As the young Paolo had pointed out, it was a fabrication. This was the Venice I knew but not quite as it was in real life. The artist had shifted the perspective, moved entire buildings, rebuilt the city to suit his own imagination.

  Did the artist twist real life deliberately to achieve some effect? Or was it just accident, a scene misremembered? The first, surely. Turner, I found out, kept detailed preliminary sketches for much of his work, some of which were in the same gallery. It was obvious he must have hired a boat, sat in the lagoon, looked at the scene in front of him and decided to change it. Just the kind of trick Nonno Paolo might have played with his story too. Was he really saying that he wasn’t the son of the original Uccello family at all? That the original Paolo had sacrificed his life to save a wounded Jewish partisan from Turin, a man he loved called Giovanni Artom? How could that be true? How would he – and Chiara – keep such a secret for five and a half decades? What, in pursuit of the picture he wanted to paint, had he changed? And how much of it was the truth rearranged, how much pure invention?

  There were, of course, no answers. Only further questions the more I tried to unpick the tangle of threads I had at my disposal. Of course the locked drawer in the mansard might offer me the final part of the story, but I wasn’t ready to face that.

  To Dad’s exasperation I decided my future now lay with the visual arts, not commerce.
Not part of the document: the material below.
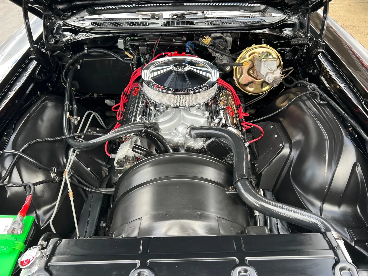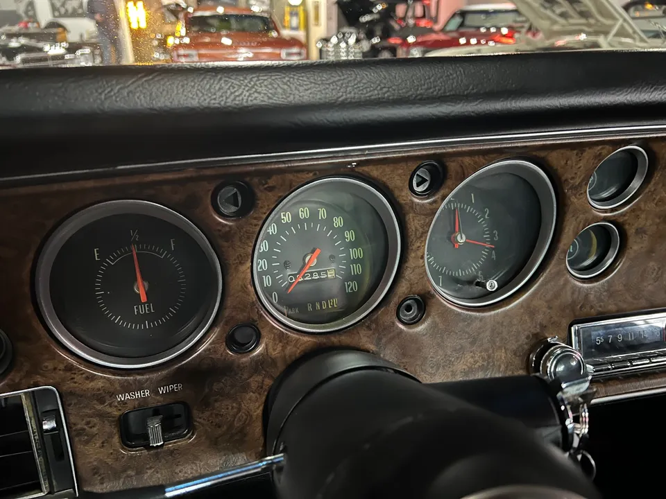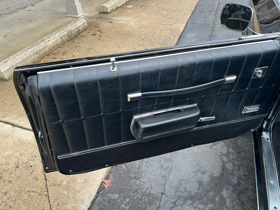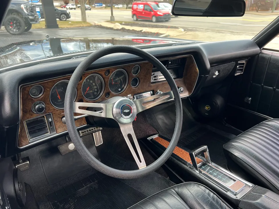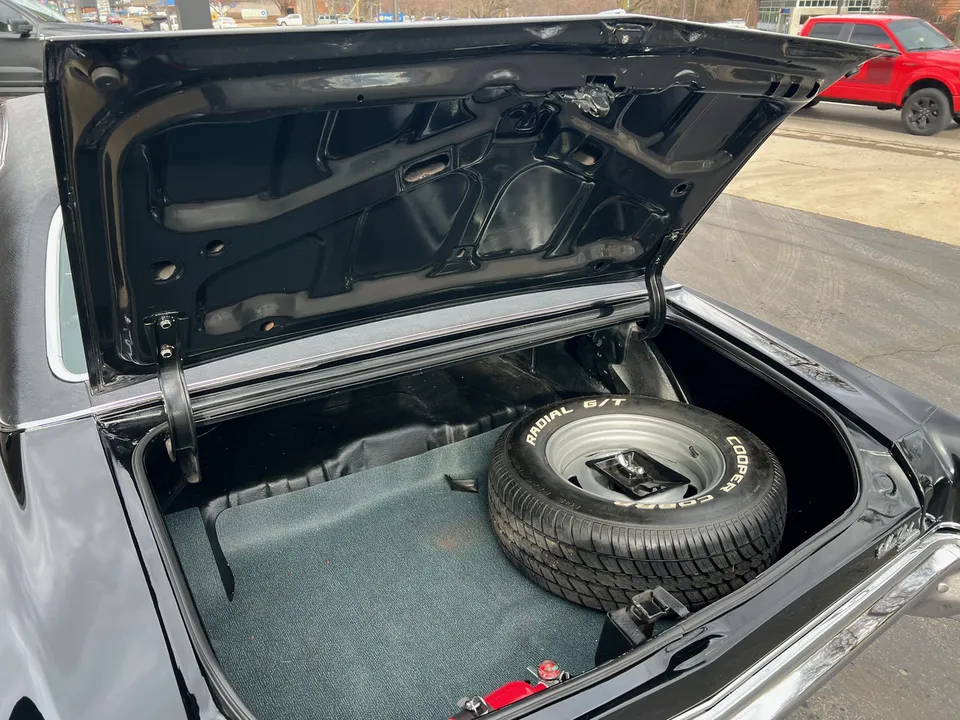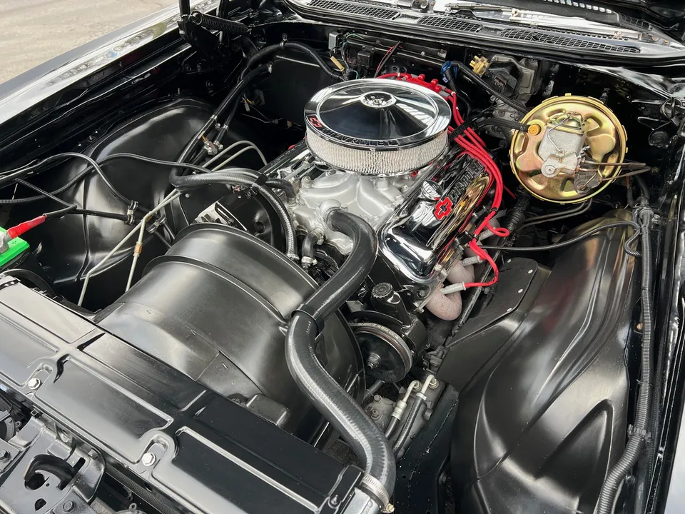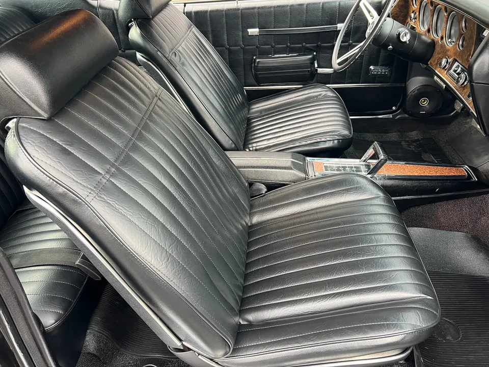 Recent Frame-Off Restoration, beautiful Tuxedo black paint, black vinyl top, black vinyl interior, matching numbers LS3 402 ci engine, Holley Performance dual feed 4 bbl, Edelbrock Performer aluminum intake, MSD Pro Billet distributor, headers, chrome air cleaner & valve covers, power steering, power front disc brakes, aluminum radiator with factory shroud, 400 tubohydramatic transmission, factory bucket seats with center console, tilt column with Sport wheel, factory woodgrain dash, Retrosounds sound system, power windows, Flowmaster dual exhaust with chrome tips, 12 bolt 3.23 rear axle with F41 suspension, 255/60R15 Cooper rear tires, 235/60R15 fronts, 15” factory Rally wheels with caps, original owner’s manual, One Bad Bowtie!

With his support I went to Paris, bought a lot of expensive camera equipment and determined to be a photographer. Almost four years of trying everything, fashion, landscape, news, left me dependent as ever on his support. For one brief, insane moment I even considered flying out to Lebanon to see if I could work my way into Syria to try to document the civil war there. When I mentioned that on the phone it was one of the few times he lost his temper. He caught the next plane and gave me a brisk lecture. Entering a perilous war zone was, he said very forcefully over a suitably lavish dinner near Les Halles, one crazy idea of mine he would never bankroll.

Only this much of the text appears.